-- Input --
# # # # # # #

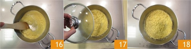 Stir 16 and cover with a lif 17. Leave to rest for a few minutes, until all the water is absorbed 18.
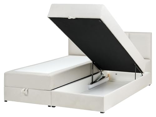 Feste und widerstandsfähige Matratze (Härtegrad H2), Ausgezeichneter Komfort durch gleichmäßige Gewichtsverteilung, Komfortable und breite Liegefläche, Die spezielle Beschichtung sorgt für eine einfache und effiziente Reinigung, Leichtes Öffnen des Bettkastens dank Gasdruckfedermechanismus
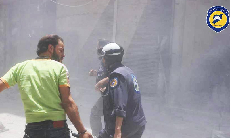استهدف طيران النظام السوري الحربي ومدفعيته الثقيلة، مدينة دوما في الغوطة الشرقية ظهر اليوم، الاثنين 10 تموز.
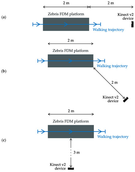 Two sets of data were collected in order to assess the uncertainty of the estimates of spatiotemporal gait parameters obtainable using the three data processing methods described in Section 2.1. The data were collected using a Microsoft Kinect v2 device. Among various types of devices comprising depth sensors, the Kinect v2 device seems to be the one most commonly considered in research studies related to health care applications of such sensors (cf. the review of literature in Section 1), although it has not been produced since 2017. The use of Kinect v2 is convenient because this device provides estimates of positions of anatomical landmarks without the need to purchase additional software packages. The reference data were collected using a 2-m long Zebris FDM platform.
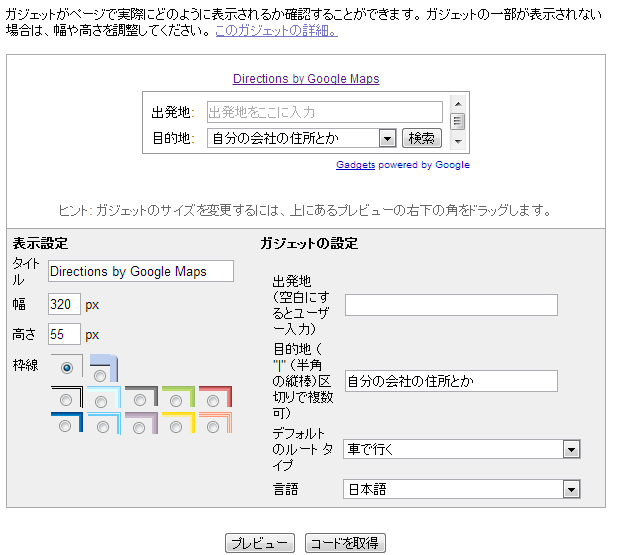 まずは、自分のサイトにガジェット追加「googlemaps道案内」にアクセスして、それぞれ項目を入れていきます。
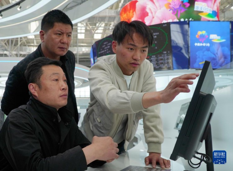 4月9日,在昆明国际花卉拍卖交易中心菏泽分中心,参观者在了解花卉拍卖系统。
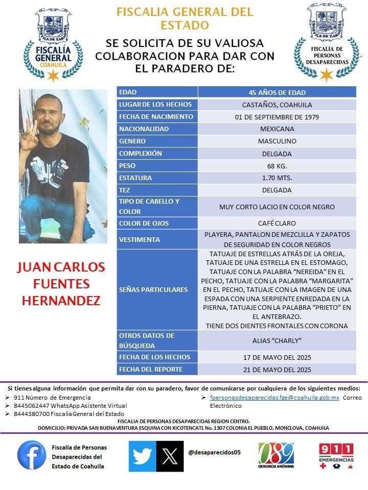 La Fiscalía de Personas Desaparecidas en la Región Centro de Coahuila solicitó el apoyo de la ciudadanía para localizar a Juan Carlos Fuentes Hernández, de 45 años, quien fue reportado como desaparecido en el municipio de Castaños desde el pasado 17 de mayo.
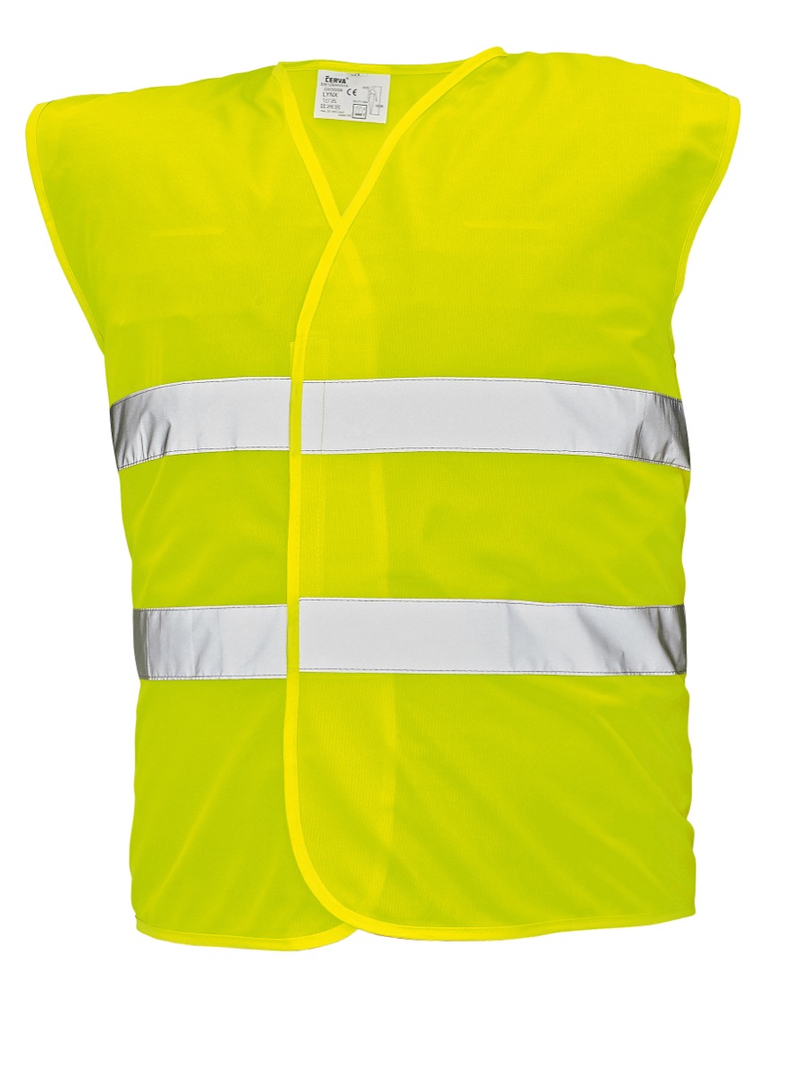 Výstražná vesta s vysokou viditelností dle normy EN 471. Vhodná pro potisk.
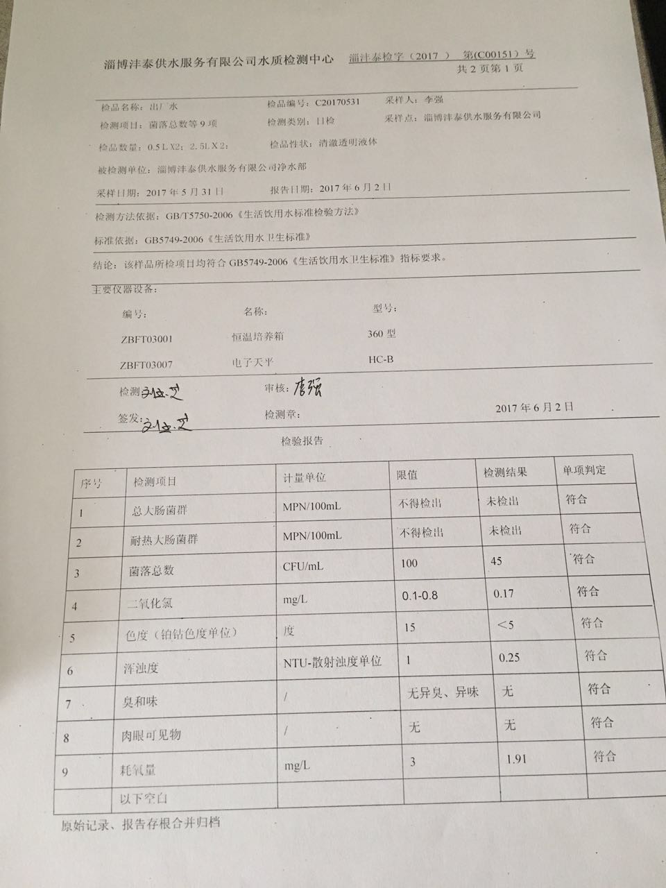 淄博灃泰供水服務有限公司水質檢測日報表

# # # # # # #

-- Requirement --
Retype precisely, and only, the lines from the one holding "4月9日,在昆明国际花卉拍卖交易中心菏泽分中心,参观者在了解花卉拍卖系统。" through the final line of the data above, with the pictures omitted.

-- Answer for the task --
 4月9日,在昆明国际花卉拍卖交易中心菏泽分中心,参观者在了解花卉拍卖系统。
 La Fiscalía de Personas Desaparecidas en la Región Centro de Coahuila solicitó el apoyo de la ciudadanía para localizar a Juan Carlos Fuentes Hernández, de 45 años, quien fue reportado como desaparecido en el municipio de Castaños desde el pasado 17 de mayo.
 Výstražná vesta s vysokou viditelností dle normy EN 471. Vhodná pro potisk.
 淄博灃泰供水服務有限公司水質檢測日報表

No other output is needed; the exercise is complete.